There are those times when things seem as bleak as can be, where hope is fleeting, and it feels like it could be any time now before the sun is sucked back into the universe, leaving everything in darkness. In those times, you don’t always want something to bring you out of that state, but rather you’d like to be pushed even further into the void.
For those who feel that way, back come Thralldom from the ashes, with more dark, penetrative music to soundtrack what are turning into hopeless times. A full decade after their massive last full-length “A Shaman Steering a Vessel of Vastness,” the hellish duo returns with their new effort “Time Will Bend Into Horror,” which picks up where they left off and drags them even further into blackness. This digital-only release falls into the late year nicely, as the chill and days with the daylight choked from them are here in abundance. The grinding, industrial-stained black metal Thralldom are well known for hammer away and leave bruises. But they also inject enough cosmic fog into this to make your brain feel like it’s lost on some other level, running away from forces you can’t quite see but definitely can sense. Over the course of six tracks and nearly 28 minutes, Thralldom unroll the black curtain, raise it to block out the sun, and render you a heap, forced to stare right into your own despair.
Having Thralldom back in our midst is a sight to behold. The band consisting of vocalist/guitarist/bassist Ryan Lipynsky (who is damn busy these days and has another trick up his sleeve coming soon) and drummer/noise technician Jared Turinsky remains as horrific as ever before. Having been a unit for nearly two decades now, they’ve managed three full-lengths, a few EPs, and some smaller releases, and “Time Will Bend Into Horror” is another strongly alchemic step in their mission. While this recording is a bit on the short side (it’s EP length in time, but certainly not in scope), it has maximum impact and feels like a fire-breathing machine from start to finish.
“Cosmic Chains” begins the record in what sounds like a hissing factory, with a weird noise haze, the feel of drilling machines all around you, and a weird cosmic interference that cuts through that and drives you into “Chronovisions.” There, black melodies and Lipynsky’s deep howls emerge, causing your head to swim underneath waves of panic. The vocals absolutely crush the senses, and even when calm swims in for a spell, it eventually breaks out hard as riffs rain down, and Lipynsky howls, “Chronovisions!” over and over, almost like a rallying cry. “Stars and Graves” is disorienting at the start, with guitars dizzying and penetrating growls ripping holes. Chilling guitars mix with ashen whispers before the song roughs you up again and sends you catapulting into the walls. Strong soloing burns a path, while the rest of the elements spill over and rumble toward the finish.

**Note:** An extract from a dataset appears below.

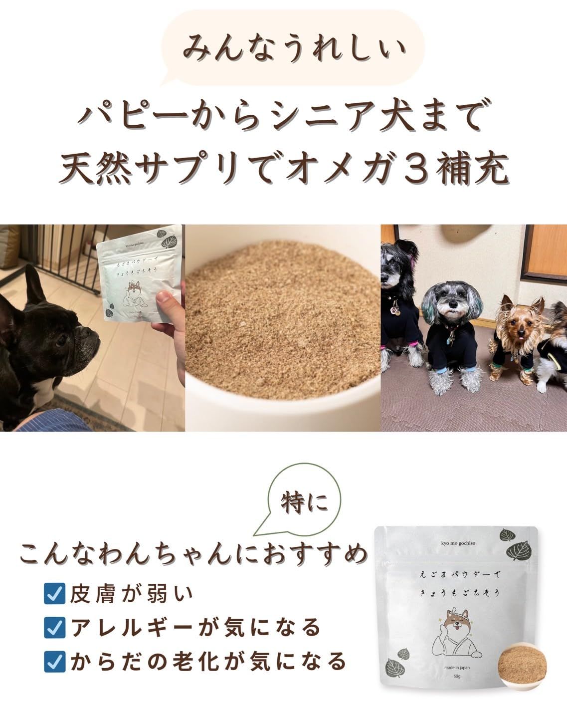 犬 ふりかけ 無添加 国産 えごまパウダー 犬 omega 3 オメガ3 αリノレン酸 荏胡麻 えごま油 アレルギー 皮膚ケア 涙やけ 犬 トッピング 60g

“The Corpse of the Radar Tower” has a strange, proggy start, driving at a calculated pace and eventually heading into mechanical storms. Strange chants arrive, pushing into trance-like terrain and bringing fright, and then the cut explodes and unleashes razor-sharp guitars. The final minutes bend backward with a fury before coming to a tumultuous end. “Dark Grey Mist” is the longest cut at 7:42, and the floor drops out immediately. Doom clouds arrive immediately, situating themselves in the muck and letting laser beam synth pass. The song bludgeons and smears its enemies, as abrasive sounds and a thick bassline team up before heading into a hypnotic crawl. Lipynski roars heavily over the back end, while the music feels like it’s violently sucked into the cosmos. “Transmission” acts as the perfect bookend with “Cosmic Chains,” bringing the record to a close with cold, damp noise and a ghostly apparition warbling behind the chaos and pulling you into a nightmare for good.

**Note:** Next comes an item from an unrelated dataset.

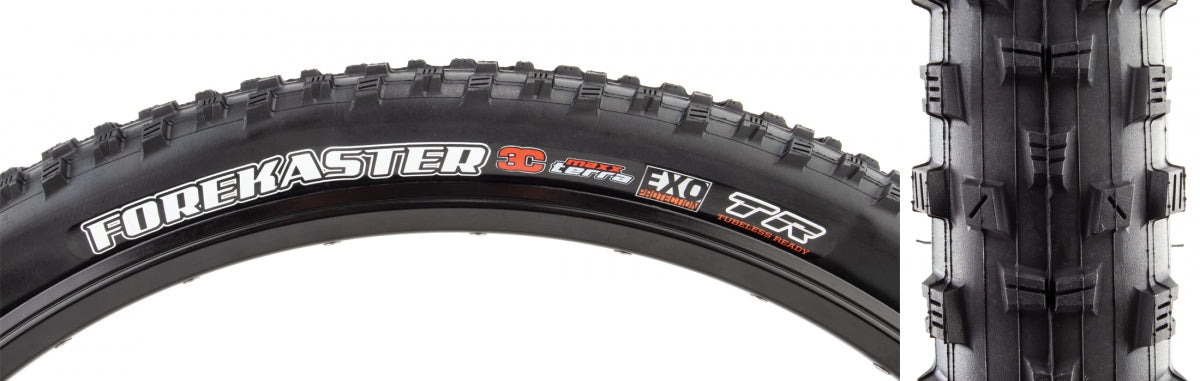 TIRE MAX FOREKASTER 29x2.4 BK FOLD/60 3T/EXO/TR/WT Forekaster 4717784041735 CLINCHER 29in Mid-height tread blocks are spaced evenly to allow penetration through loose trail conditions and openly for better mud-clearing Wide cupped knobs down the middle provide excellent braking in any conditions EXO equipped models feature Maxxis` EXO sidewall protection which help prevent puncture from sidewall abrasions TR - Tubeless Ready - sealant required WT - Wide Track casing optimized for rims over 35mm internal width TERRA - 3C Maxx Terra is softer and offers more traction than 3C Maxx Speed, yet provides better treadwear and less rolling resistance than Maxx Grip Tubeless 29x2.4 622 TBLS - Fold Bk/Blk 60 60 TERRA/EXO/TR/WT No Knobby

With dark times filled with nauseating pain, it seems the perfect time for Thralldom to be back in our midst with new music. “Time Will Bend Into Horror” certainly soothes the pain of a decade-long wait since their last record, and they sound as vicious and channeled as ever before. Shit’s bound to get really bad before it gets good again, and this punishing new collection will go hand in hand with the cities and world burning.